It seems to me based on the patterns of nature that the octopus is the coming top predator of the planet. Life on land is too easy for generating speciation in humans and their life span is too long. Dolphins are surely intelligent mammals, but they lack that horrible edge that solves the Type I-II problem in the long times. I was listening to the "bloop" and wondering if they have been testing weapons under the ice caps. I don't think they would see us as a threat because we would not suspect their ultimate dominance. Scouring the ocean and creating havoc just raises the differentiation rate. As much as I deplore the malicious nature of people, it would have to be much more to keep the genetic pressure strong enough for people to be individually more adapted. It is hard to guess what randomness has designed in the sea and certainly it is the toughest game on the planet.
I could imagine that the ability to mimic could eventually lead to the exact neural structure that gave advantage to apes. I know the Simpson's have already explored the dominance of species in the stars and concluded it is the octopus so I won't claim first principle on that.

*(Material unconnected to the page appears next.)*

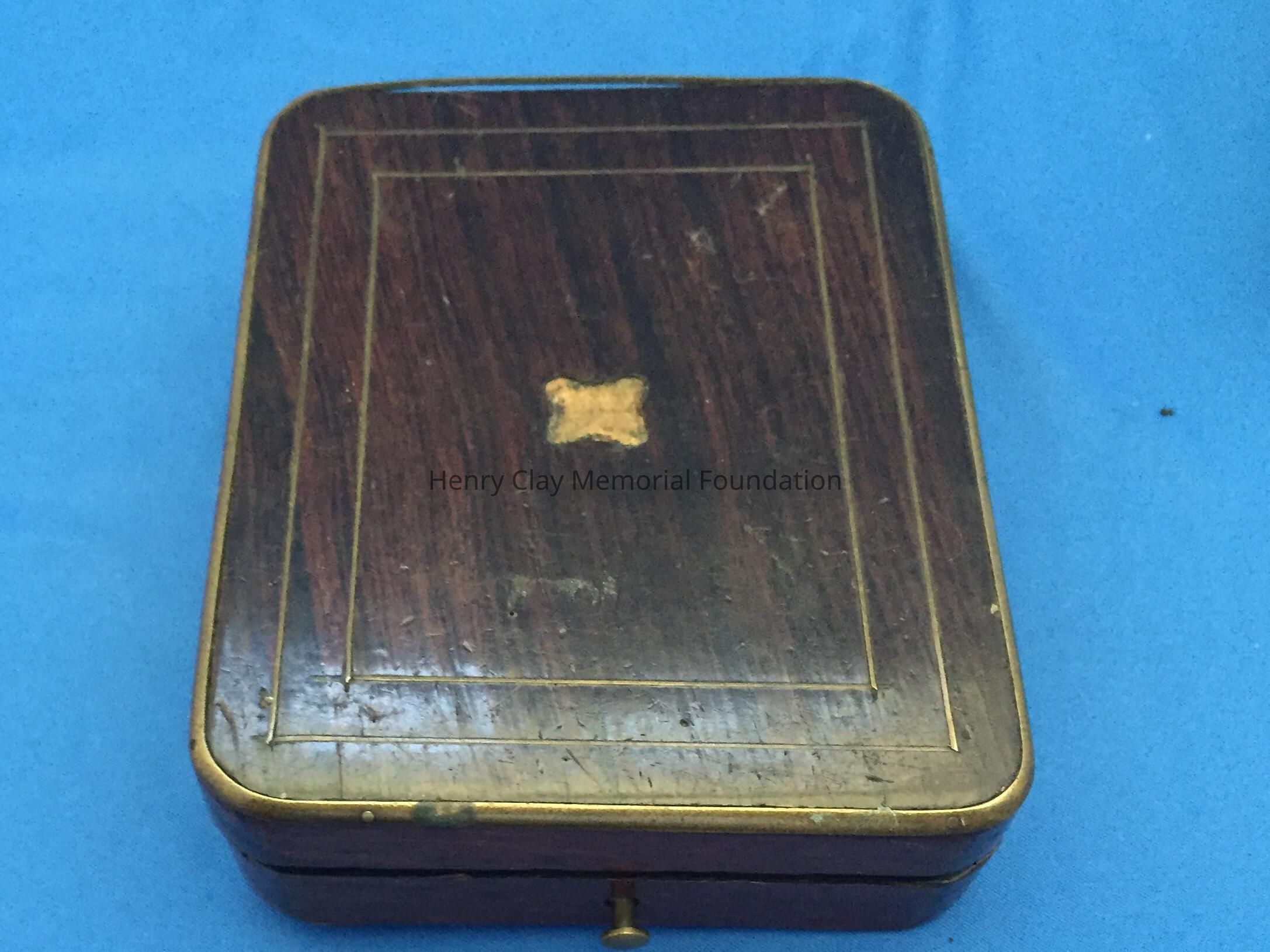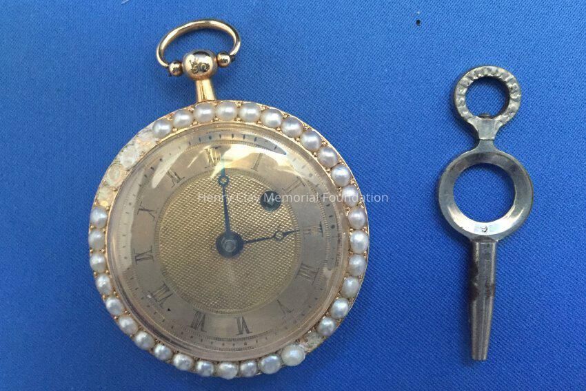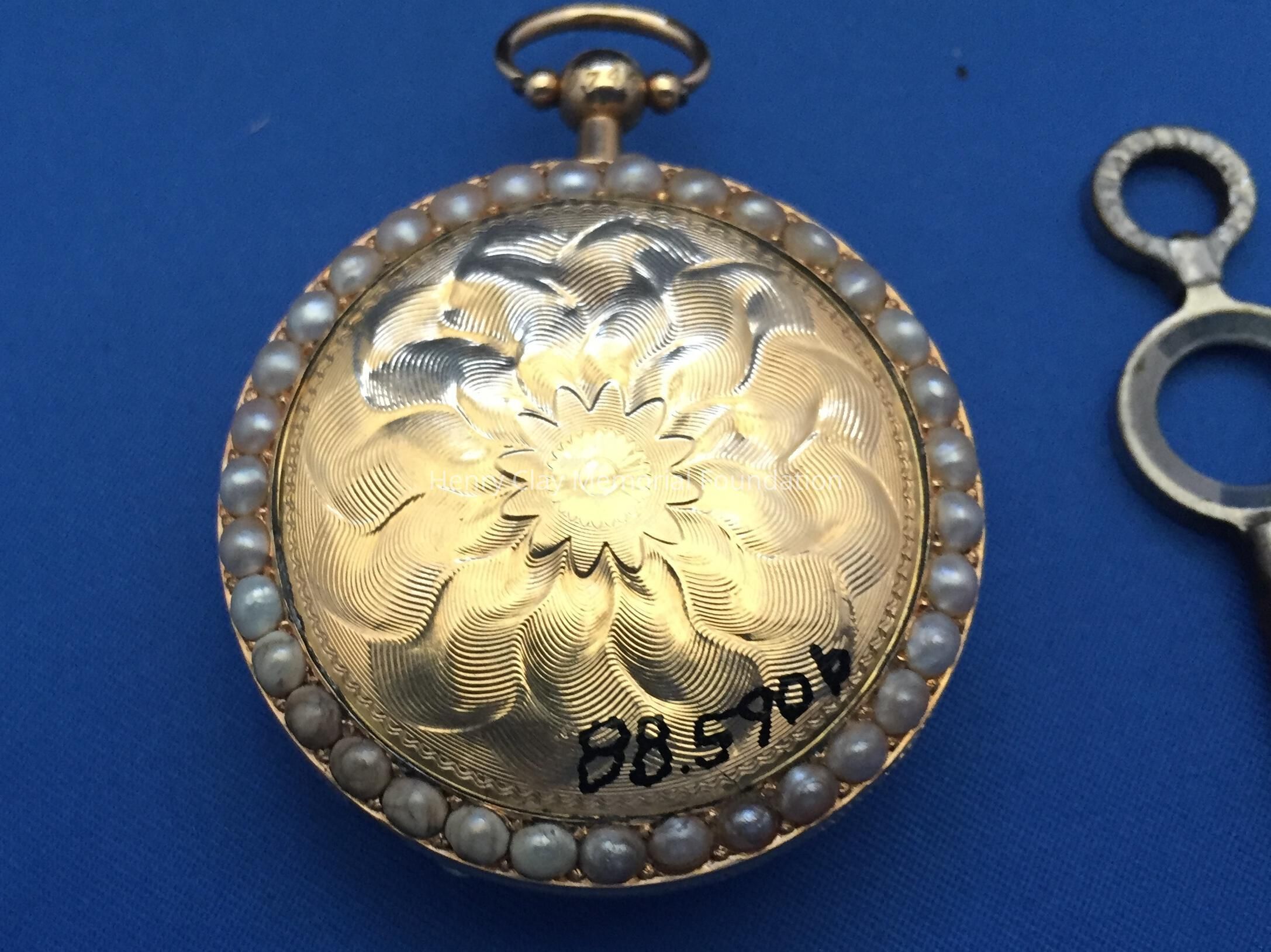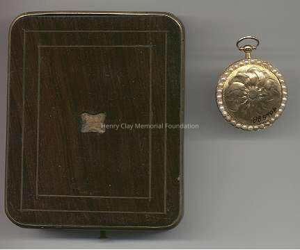 Contained in a dark wooden case with a hinged lid and lined with purple silk and velvet. Watch is gold with pearls (some missing) around the perimeter of face. On the back is a sun design. A manufacturer's card is included, "Frederic Nicoud/ Manufacturer of Chronometers and watches/ Chaux-De-Funds Switzerland/ I hereby certify that I have manufactured the watch No. 20964 Which I warrant the wear well and to be well regulated." Information taken from jewelry exhibit sponsered by Corbet-frame jewelers and HCMF: This man's pocket watch is a Fuzzee (Fusee Lever Movement). Completely made by "Tobias" in England. The watch has a chain driven movement... [ Rest of description similar to front of catalog sheet]. Two numbers stamped on stem: "50" and "9746". On clockworks: "Retap Avanc."Dimensions
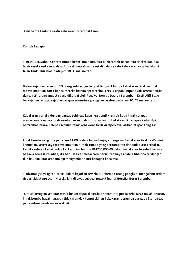 Karangan pt3 kebakaran anda telah menyelamatkan anak jiran anda daripada hangus dijilat api dalam satu kebakaran di kawasan tempat tinggal anda. Contoh jurnal inilah contoh karangan berita kebakaran yang anda perlukan. Contoh karangan jenis berita. Contoh teks berita singkat tentang kebakaran.

Travel in a variably pressurized fluid filled containment would be optimum for space. The ability to deform would also be instrumental in tolerating G forces without loss of consciousness. If I were designing a species for space travel it would probably be a creature that was mostly brain and had no vertebra. I suppose they are just waiting for the machines to wipe us out and then fall in disarray from entropy, and finally take their throne. I would think that the ability to be a living flat panel display on command would be a better form of communication than speech and also less ambiguous. They certainly already know what lying is, so they will have some really good politicians.
I saw a few octopi watching the well in the Gulf and shaking their tentacles. The gist of it seemed to be a joke about the number of human engineers to do something, but I could have translated that wrong. In any case, I doubt that they are worried. It wouldn't be hard to hide a genetic wet bench at the bottom of the ocean.
The octopus is the only invertebrate which has been conclusively shown to use tools.
If an octopus were intelligent and did not want to be found, would we be able to find them in the ocean? It is very difficult to find a metal submarine weighing tons, and something that has the ability to mimic rock would certainly be ignored. They live in three space and some have three hearts. They can lay 100s of thousands of eggs, that is bizarre. With a life span of a year, that is a growth rate of up to 10^5 per year or about 1 every 5 minutes starting from 1 and 100,000 every 5 minutes the next year. That would be larger than the world population in about 2 years ( If they had no enemies ). Roughly.